Helicobacter pylori colonizes the human stomach and duodenum. It is described as a Class 1 carcinogen. In some cases it can cause stomach cancer and MALT lymphoma. Animal models have demonstrated Koch's third and fourth postulates for the role of Helicobacter pylori in the causation of stomach cancer. The mechanism by which H. pylori causes cancer may involve chronic inflammation, or the direct action of some of its virulence factors, for example, CagA has been implicated in carcinogenesis. Another bacteria that is in this genus is Helicobacter hepaticus, which causes hepatitis and liver cancer in mice.

Chronic inflammation

Chronic inflammation contributes to the pathogenesis of several types of malignant diseases, but it is particularly important for H. pylori. Following a H. pylori infection many circulating immune cells are recruited to the infection site including neutrophils. To destroy the pathogens, neutrophils produce substances with antimicrobial activities such as oxidants like reactive oxygen species (ROS) and reactive nitrogen species (RNS). H. pylori can survive the induced oxidative stress by producing antioxidant enzymes such as e.g., catalase. However, the overproduction of ROS and RNS induces various types of DNA damage in the infected gastric cells.At the same time H. pylori is known to down-regulate major DNA repair pathways. As a result, genomic and mitochondrial mutations accumulate, leading to genomic instability - a well-known hallmark of Cancer - in the gastric cells.

CagA

The virulence factor CagA in H. pylori has been linked to the development of gastric cancer. Once CagA is injected into the cytoplasm it can change the gastric cell signaling in both a phosphorylation-dependent and -independent manner. Phosphorylated CagA affects cell adhesion, spread and migration but can also induce the release of the proinflammatory chemokine IL-8. This leads to the activation of the pro-inflammatory NF-κB and β-catenin pathways as well as increased gastric cell proliferation. Furthermore, CagA has also been found to increase tumor suppressor gene hypermethylation and thereby inhibiting the tumor suppressor genes. This is achieved by upregulating the methyltransferase DNMT1 via the AKT–NF-κB pathway. Lastly, CagA also induces the expression of the enzyme spermine oxidase (SMOX) that converts spermine to spermidine. As a by-product H2O2 is produced which causes ROS accumulation and contributes to the oxidative stress that the gastric cells experience during chronic inflammation.

Speculative links

A number of bacteria have associations with cancer, although their possible role in carcinogenesis is unclear.

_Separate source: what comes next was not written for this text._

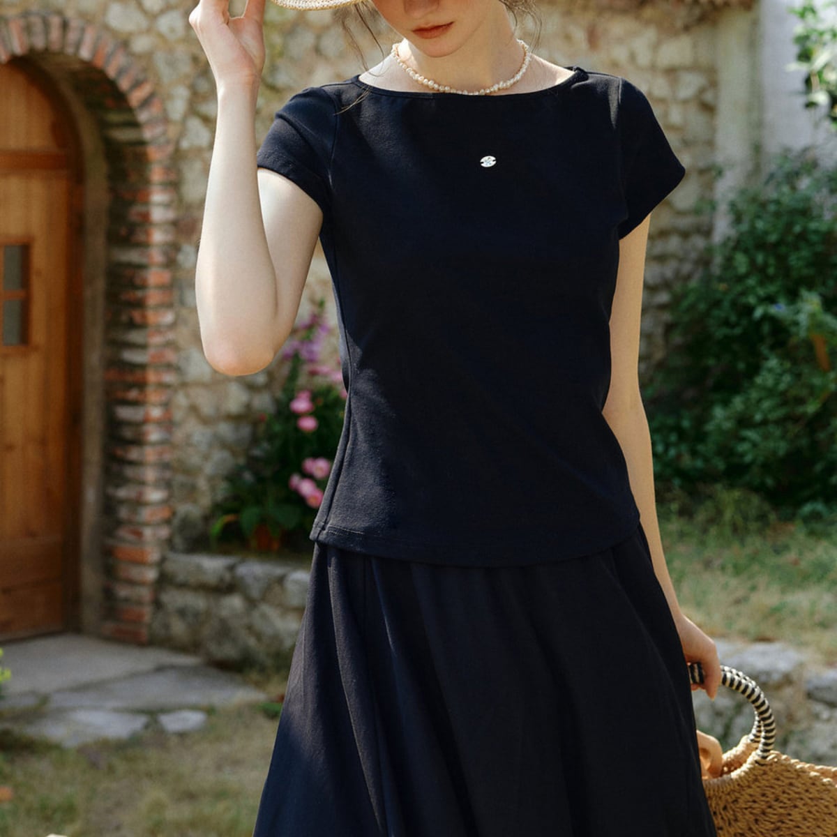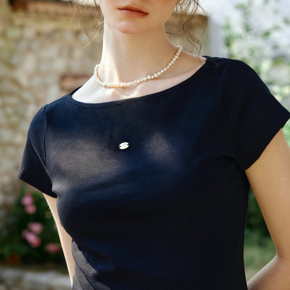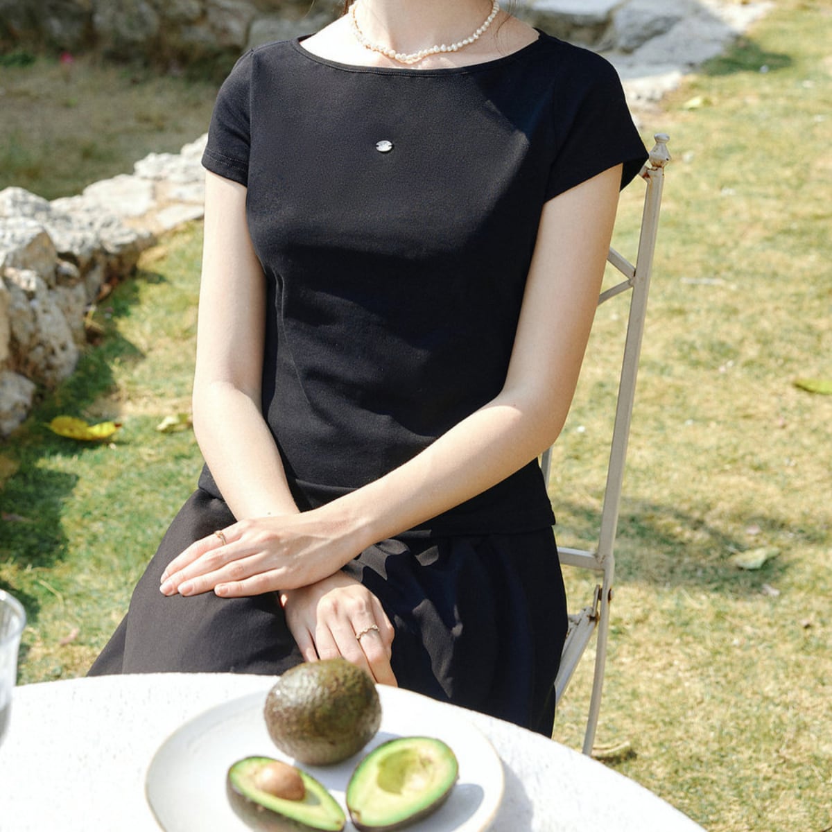 フロントは鎖骨を品よく美しく見せるボートネック。一見すると究極にシンプルな黒のカットソーですが、一歩歩き出し、振り返った瞬間にハッとさせる。そんな「バックシャン」な魅力が詰まった一枚が届きました。

Salmonella Typhi has been linked to gallbladder cancer but may also be useful in delivering chemotherapeutic agents for the treatment of melanoma, colon and bladder cancer. Microorganisms and their metabolic byproducts, or impact of chronic inflammation, may also be linked to oral cancers.

The relationship between cancer and bacteria may be complicated by different individuals reacting in different ways to different cancers.

History

In 1890, the Scottish pathologist William Russell reported circumstantial evidence for the bacterial cause of cancer. In 1926, Canadian physician Thomas Glover reported that he could consistently isolate a specific bacterium from the neoplastic tissues of animals and humans. One review summarized Glover's report as follows:

Glover was asked to continue his work at the Public Health Service (later incorporated into the National Institutes of Health) completing his studies in 1929 and publishing his findings in 1930. He asserted that a vaccine or anti-serum manufactured from his bacterium could be used to treat cancer patients with varying degrees of success. According to historical accounts, scientists from the Public Health Service challenged Glover's claims and asked him to repeat his research to better establish quality control. Glover refused and opted to continue his research independently; not seeking consensus, Glover's claims and results led to controversy and are today not given serious merit.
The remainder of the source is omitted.